You need a sig line about tolerance. Apparently I am on a different level, the one where we live and let live. :beer:


----------



## Plainsman (Jul 30, 2003)

You do realize that tolerance is not a virtue right? As a matter of fact that was the main theme of a pastor I was listening to on the radio this morning. Today it has become hard to tell the difference in tolerance and lack of principles. Tolerance is accepting things that hurt no one, but you don't like. Lack of principles is the willingness to accept the actions of people like Eminem. One also has to separate the individual from the actions. At times we all do things that are unacceptable. I don't expect people to be tolerant of me when I do. Your giving to much value to tolerance.

I am often intolerant and darn proud of it, but then I have always been a bit of a rebel and never let society dictate to me. I guess I'm just not a very good sheep.


----------



## buckseye (Dec 8, 2003)

If you don't like 2009 you're gonna hate 2010 and so on... Look for the serenity in life. :beer:


----------



## Burly1 (Sep 20, 2003)

Ooooommmmmmmmmmmmm..................


----------



## Plainsman (Jul 30, 2003)

buckseye said:


> If you don't like 2009 you're gonna hate 2010 and so on... Look for the serenity in life. :beer:


There is serenity in life??? :huh:

I'll wait until Obama is gone. To much of that serenity will put him in office while we sleep with out eyes open. You nap, I'll keep watch. If he goes for your guns I'll wake you. :beer:


----------



## Conservit (Mar 25, 2009)

I am not from eminem generation, just a bit older. But I do have many nieces and nephews that are, and I guarantee you that wether we want to believe it or not, the 'kids" do listen to the lyrics, and unfortunately absorb what they are hearing.
Luckily the majority of young people I know where brought up to know right from wrong, but I have seen some that are not. They are absorbing information, looking to follow something...anything.

And in my opinion some of this trash does have an affect on there daily lives.
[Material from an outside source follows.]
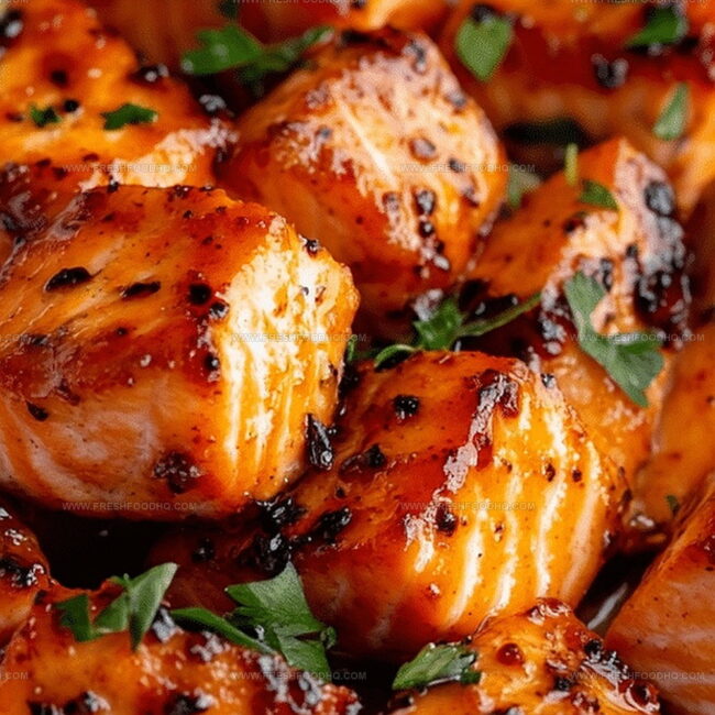 Once the salmon bites are done, gracefully drizzle the hot honey sauce over them. Sprinkle some freshly chopped parsley on top for a pop of color and herbal freshness.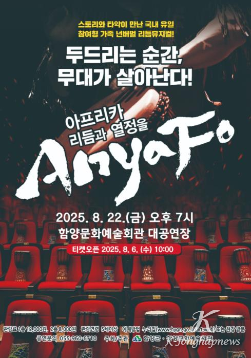 함양문화예술회관 관계자는 “아프리카의 다채롭고 생동감 넘치는 퍼포먼스와 젬베의 폭발적인 에너지가 어우러져 무더운 여름밤을 시원하게 날려줄 특별한 시간이 될 것”이라며 많은 관심과 성원을 당부했다.

Usually negative.

I tip my hat to those of you that have served our great country to protect our freedoms :thumb: But it comes down to respect, I have never served in the military, but I would cringe a bit when the freedoms I fought for are being abused and the moral fabric of this country is jeopardized for some angry "musician" trying to make a buck


----------



## buckseye (Dec 8, 2003)

Plainsman said:


> buckseye said:
> 
> 
> > If you don't like 2009 you're gonna hate 2010 and so on... Look for the serenity in life. :beer:
> ...


Paranoia will destroy ya! oooommmmmmm :lol:


----------



## Plainsman (Jul 30, 2003)

> Paranoia will destroy ya!


Psychologists that I talk with socially will agree with me. If it's real it's not paranoia. If your right we are paranoid, if we are right you are naive. Calling us paranoid is the way out when you have no data for your position. 
I remember when bell bottoms came out. I thought they were the ugliest thing I had ever seen. After while you get used to it. When rock and roll came out parents wouldn't let us listen to it. That made us want to hear it even more. Then the movies with Elvis etc. Then we all wanted a motorcycle. Radical things combined with tolerance desensitizes society.
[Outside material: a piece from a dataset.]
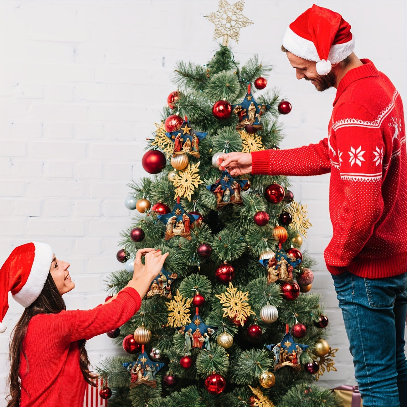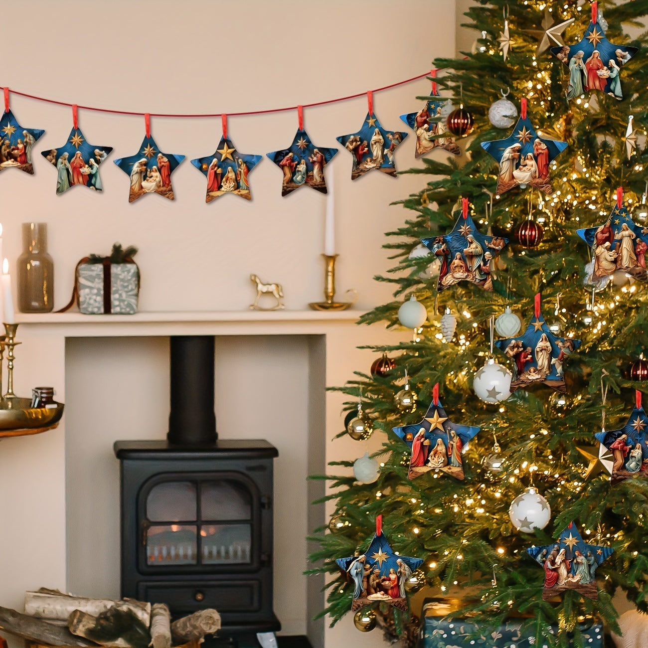 Wooden Jesus Star Christmas Ornaments, Handmade Set

I worked 36 years in biology, but when I went to college I wanted a backup plan. I thought teaching may be ok, and I found my schedule went well with adolescent psychology and guidance principles and practices classes. I picked the ones that give me credit towards secondary education, and added a few straight up education classes to get a secondary education certificate. I will guarantee you the kids are influenced by this crap. Many are not, many try to emulate it. Every year there is less respect for women. Of course every year the women respect men less also. It isn't good.


----------



## 4CurlRedleg (Aug 31, 2003)

Conservit, thank you.

Buckseye, is Ryan using your screen name or has logic and reason left the farm??


----------



## KurtR (May 3, 2008)

If music is doing some thing to young people i would be i real trouble. When i was in high school we listend to snoop, NWA, public enemy, even good old luke skywalker and 2 live crew. I turned out just fine and never went out and did anything because off the music i listend to. Just look back through time the doors were going to reck the world, Johny Cash was the devil acording to the older people. It is just what happens when you have newjgenerations and differnt music. It is ok for the Dixie chicks talking about killing earl but if eminem would say the same song there would be outrage. There are alot bigger problems than what he says on a cd in this country.


----------



## 4CurlRedleg (Aug 31, 2003)

KurtR said:


> If music is doing some thing to young people i would be i real trouble. When i was in high school we listend to snoop, NWA, public enemy, even good old luke skywalker and 2 live crew. I turned out just fine and never went out and did anything because off the music i listend to. Just look back through time the doors were going to reck the world, Johny Cash was the devil acording to the older people. It is just what happens when you have newjgenerations and differnt music. It is ok for the Dixie chicks talking about killing earl but if eminem would say the same song there would be outrage. There are alot bigger problems than what he says on a cd in this country.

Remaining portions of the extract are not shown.